* Instructions to follow:
Copy each line below as written, but skip the pictures.

* Material provided:
------------------------

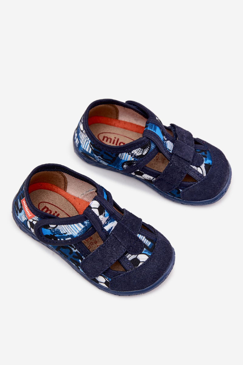 Papučky Milami Detské Na Suchý Zips S Loptami Tmavomodré Reathiana
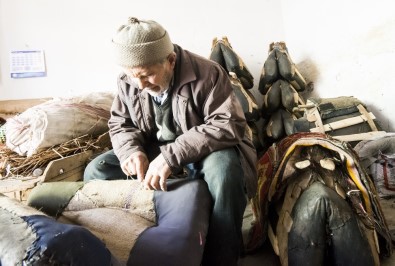Semer ustası Nazmi Semerci, semer satışları düşünce dışarıdan hazır olarak getirdiği çanta, sepet, kürek ve oklovaları satarak geçimini sağlıyor.
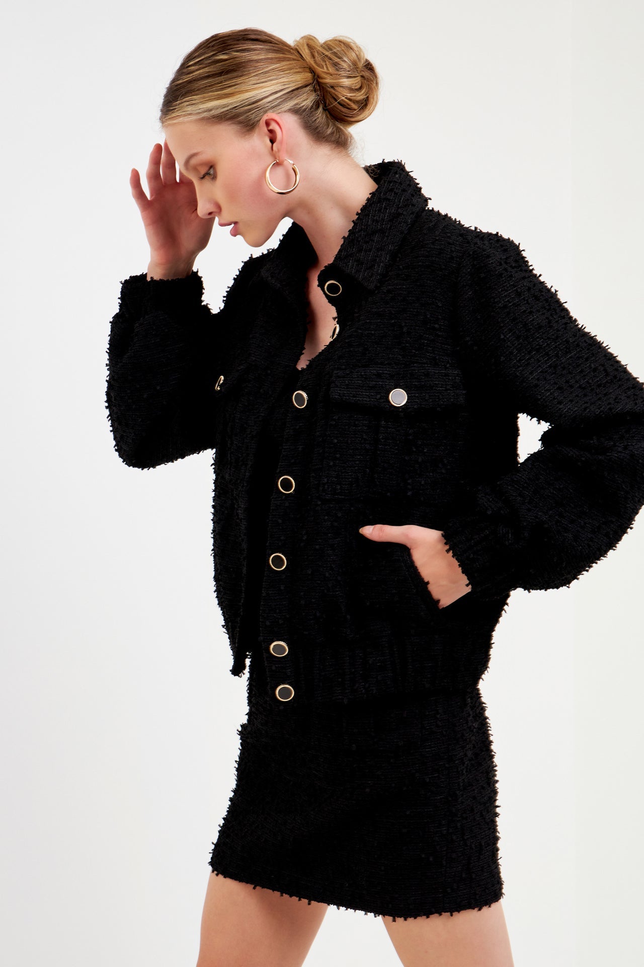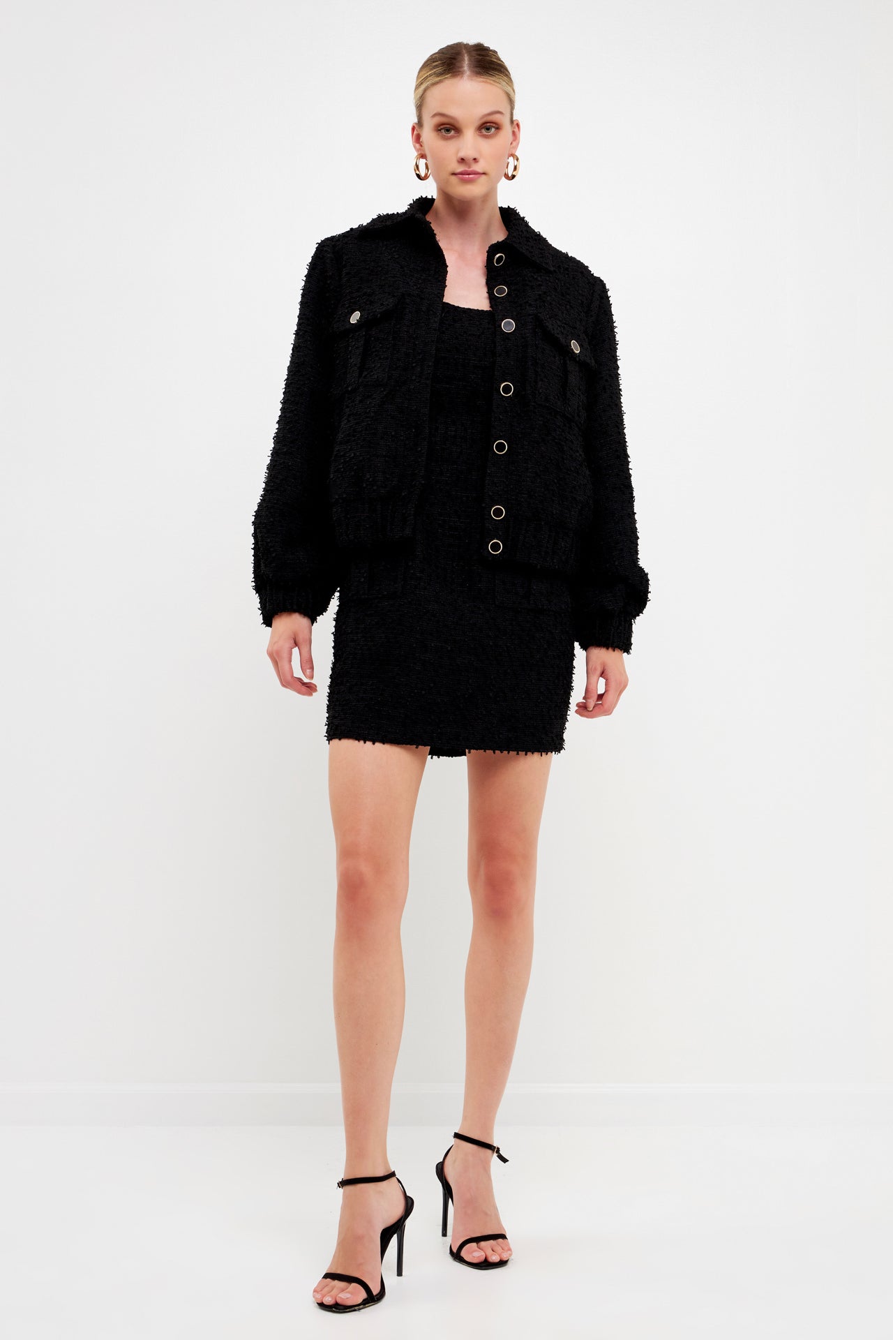 It's time to add some tweed to your wardrobe. This unique tweed jacket from endless rose is perfect for pairing with the matching mini dress or your favorite jeans and a basic tee. The baggy fit and satin lining help to make sure that you're comfortable all day long. And don't forget the details! The gold-rimmed buttons add a touch of class and elegance.

------------------------

* Response area:
 Papučky Milami Detské Na Suchý Zips S Loptami Tmavomodré Reathiana
Semer ustası Nazmi Semerci, semer satışları düşünce dışarıdan hazır olarak getirdiği çanta, sepet, kürek ve oklovaları satarak geçimini sağlıyor.
 It's time to add some tweed to your wardrobe. This unique tweed jacket from endless rose is perfect for pairing with the matching mini dress or your favorite jeans and a basic tee. The baggy fit and satin lining help to make sure that you're comfortable all day long. And don't forget the details! The gold-rimmed buttons add a touch of class and elegance.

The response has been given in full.